Dentro desta esfera de conhecimento, concordamos com SCHNEID e
MICHELON (2017, p.02) quando elas afirmam que:

O vestuário, as roupas, a indumentária, são indícios da sociedade que os usou e


atestam como a aparência é uma composição que engloba concepções e práticas
culturais que habitam os corpos, isso se dá através das práticas sociais, dos conceitos
culturais, dos ritos de passagem, da intimidade e do lazer, bem como o estilo de vida
de uma determinada época.

Percebemos então que a moda como um fenômeno histórico não está relacionado
apenas ao consumo, mas as transformações sociais que caracteriza a modernidade, como a
individualização dos sujeitos através da aparência (LIPOVESTSKY, 1989). Embora esteja em
diversos setores da vida na sociedade contemporânea, é no vestuário, que constituímos aqui
um conjunto de peças utilizadas pelas pessoas no ato do vestir, que a moda se manifesta mais
claramente. Levando em consideração a moda enquanto vestuário, ele afirma que:

[...] o vestuário, sem dúvida alguma, que encarnou mais ostensivamente de moda;
ele foi o teatro das invenções formais mais aceleradas, mais espetaculares. Durante o
imenso período, o domínio da aparência ocupou um lugar predominante na história
da moda, Se ele não traduz, a evidência, toda a estranheza do mundo das futilidades
e da superficialidade, ao menos é sua melhor via de acesso, por que a mais bem
conhecida, a mais discreta, a mais representada, a mais comentada. Não há teoria ou
história da moda que não tome o parecer como ponto de partida e como objeto
central de investigação. Por que exibe traços mais significativos do problema, o
vestuário é por excelência a esfera apropriada para fazer o mais exatamente possível
a meada do sistema da moda; só ele nos proporciona numa certa unidade, toda a
heterogeneidade de sua ordem (LIPOVETSKY,1989, p.24)
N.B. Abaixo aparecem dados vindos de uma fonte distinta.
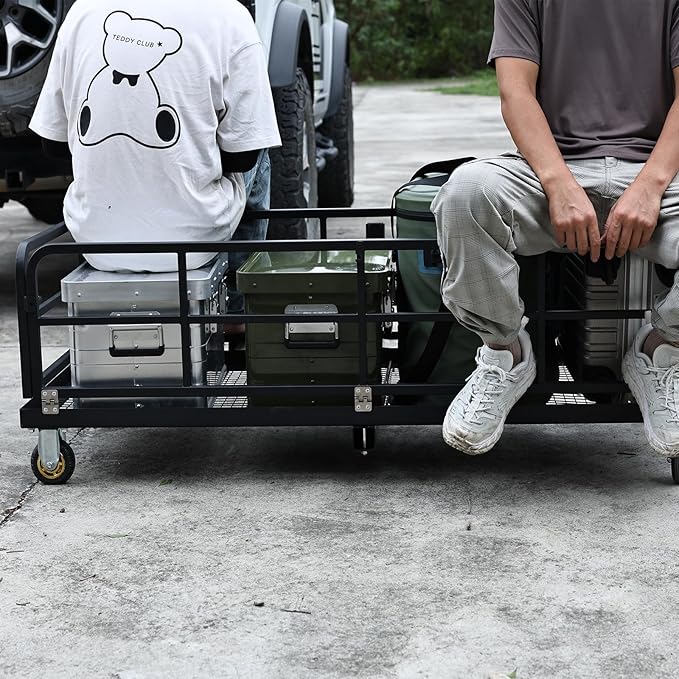 - 2-in-1 Foldable Luggage Basket: Easily convert this folding hitch cargo carrier from a trailer rack to a push cart in minutes without tools. The built-in handle and wheels improve maneuverability, making loading and unloading effortless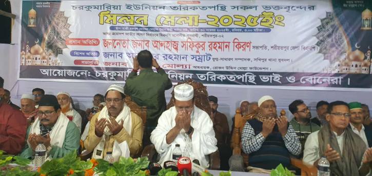 শরীয়তপুরের চরকুমারিয়া ইউনিয়নে তরিকতপন্থি ভক্তবৃন্দের উদ্যোগে আয়োজিত মিলন মেলা–২৫ এ দেশনেত্রী বেগম খালেদা জিয়ার রোগমুক্তি ও সুস্থতা কামনায় বিশেষ দোয়া অনুষ্ঠিত হয়েছে।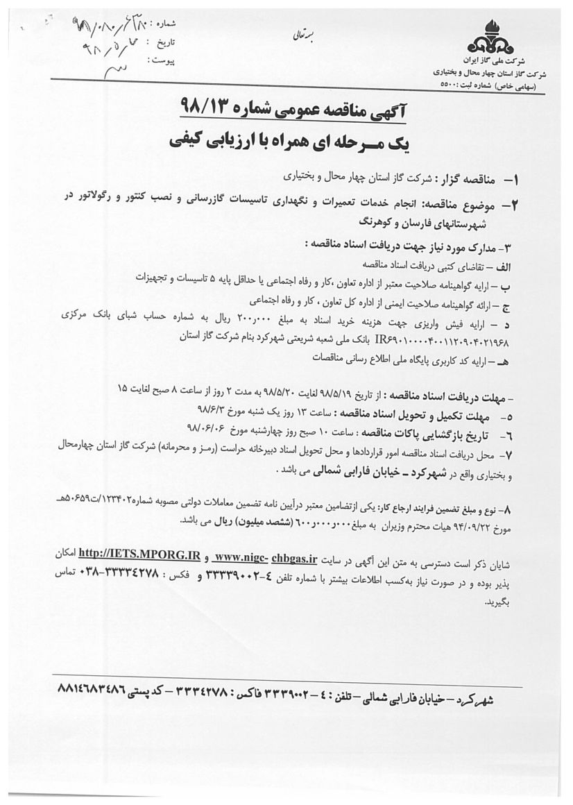 | عنوان مناقصه | انجام خدمات تعمیرات و نگهداری تاسیسات گازرسانی و نصب کنتورو رگولاتور در شهرستانهای فارسان و کوهرنگ (مناقصه عمومی ) |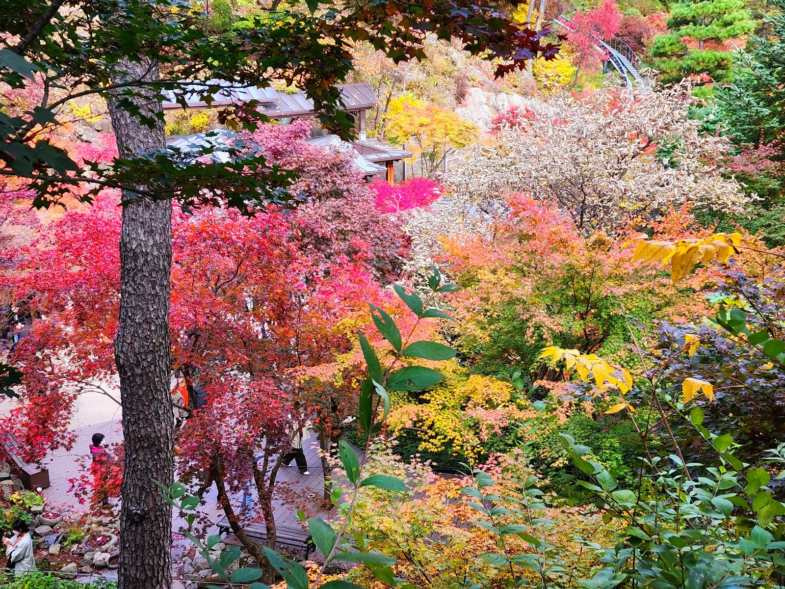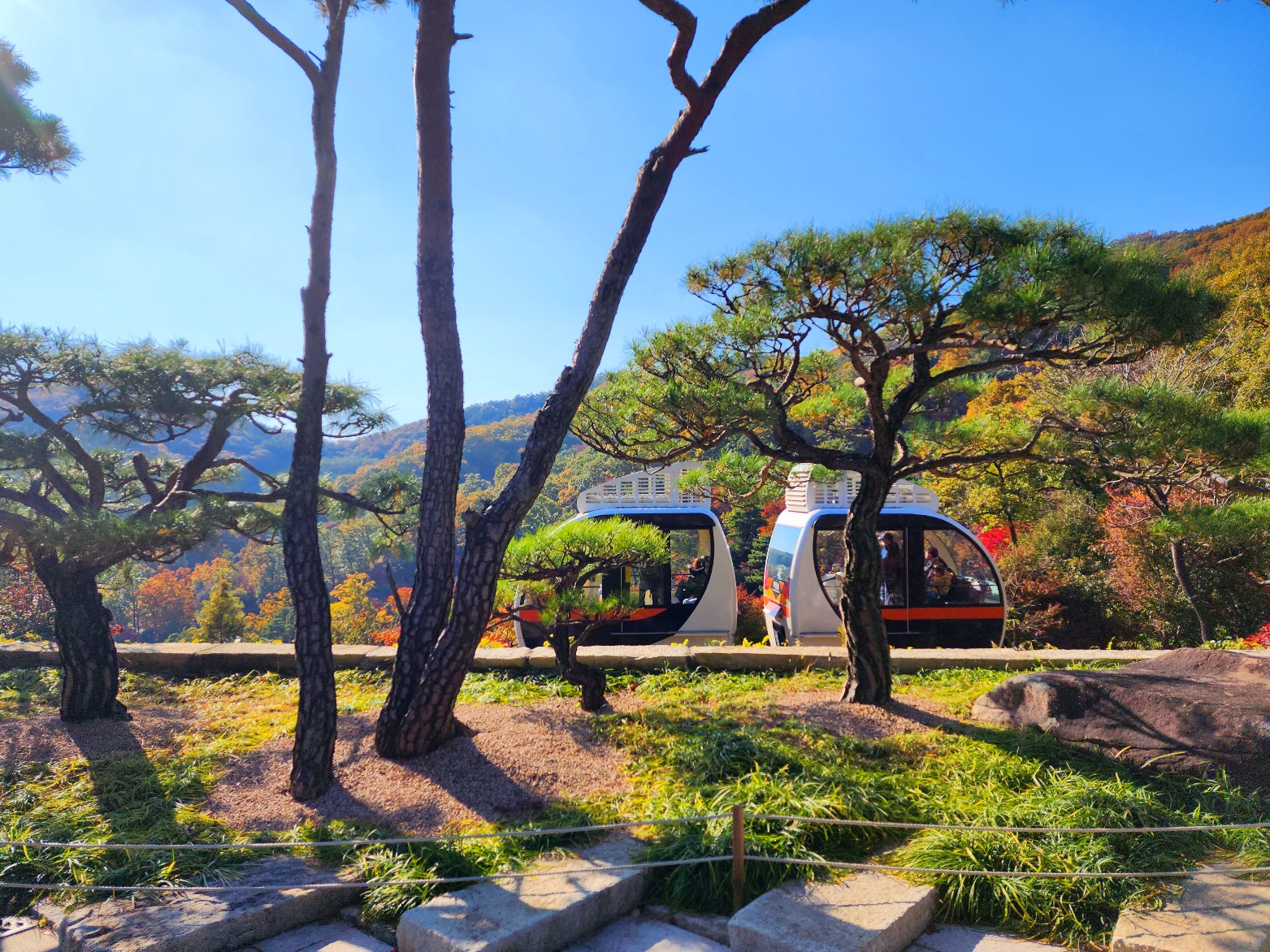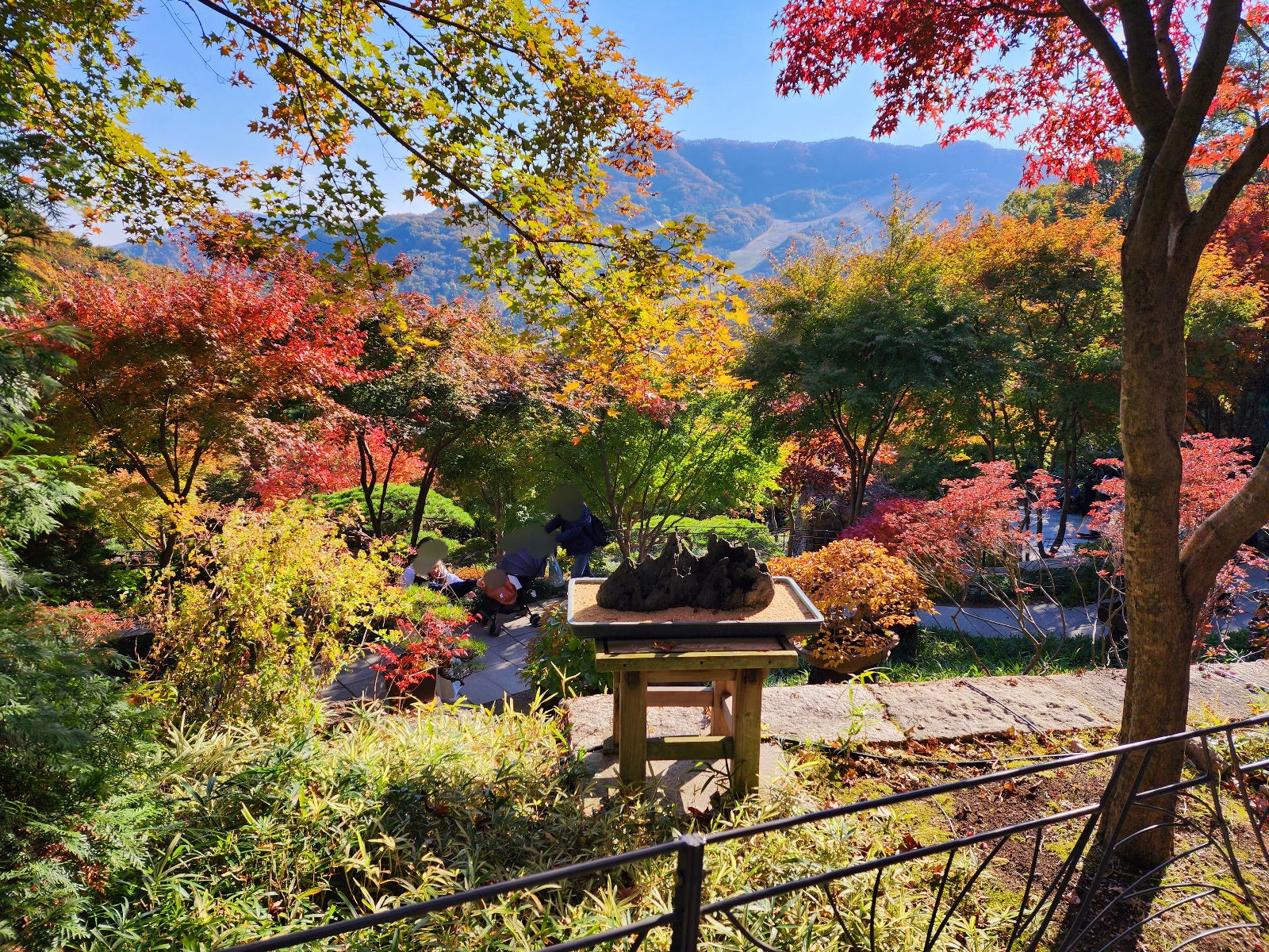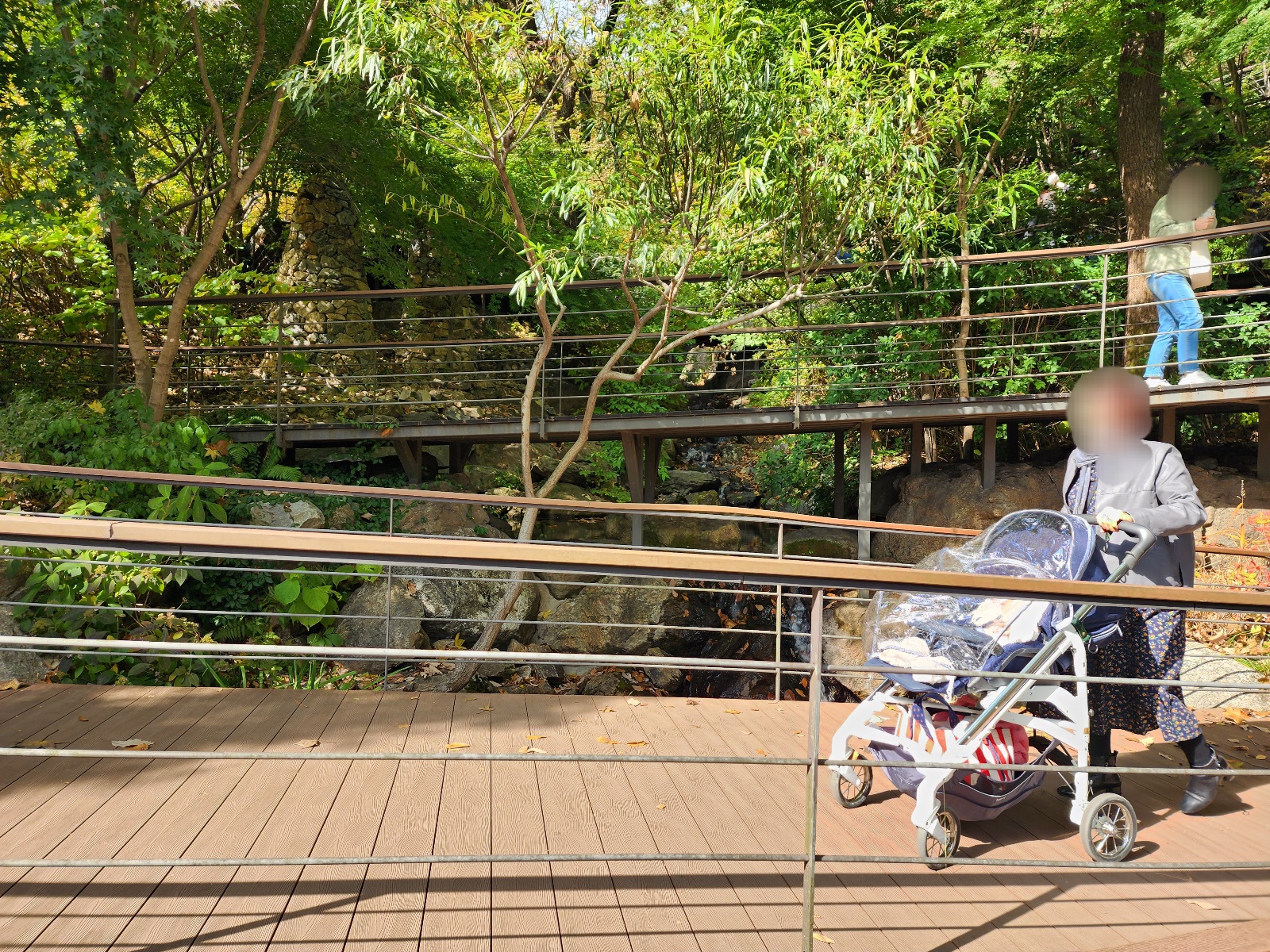 별로 기대하지 않았던 곳인데, 생각보다 괜찮았던 소나무 정원이었습니다. 여기에 3승강장이 있으니 힘드신 분들은 3번→1번은 모노레일 탑승을 하시면 좋을 것 같아요. 본격적인 내리막길이라 유모차로 다니기에는 체력소모가 어마어마합니다. 볼거리도 분재와 국화라서 크게 감동적이지도 않으니, 그 시간으로 다시 돌아간다면 저는 무조건 타고 내려갈 거예요.

A palavra “moda” vem do latim modus, significando “modo”, “maneira”. Em


inglês, moda é Fashion, corruptela da palavra francesa Façon, que também quer dizer
“modo”, “maneira”. Palomino (2003) argumenta que o conceito de moda apareceu no final da
Idade Média e princípio da Renascença, na corte de Bargonha, atualmente parte da França. Ao
tentarem variar suas roupas para diferenciar-se dos burgueses, os nobres fizeram funcionar a
engrenagem – os burgueses copiavam e os nobres criavam. A moda surgiu então como uma
necessidade de diferenciação entre nobreza, clero e plebe.
A moda possui entre outras facetas singulares a busca pela individualização e a
necessidade de interação em grupo. As mudanças da moda dependem da cultura e dos ideais
de uma época. Os acontecimentos históricos refletem a maneira de vestir das pessoas,
períodos de guerra, recessão, riquezas, medos, comportamentos, influências religiosas,
alegrias, enfim, tudo é identificado por meio da análise da indumentária (STEFANI, 2006, p.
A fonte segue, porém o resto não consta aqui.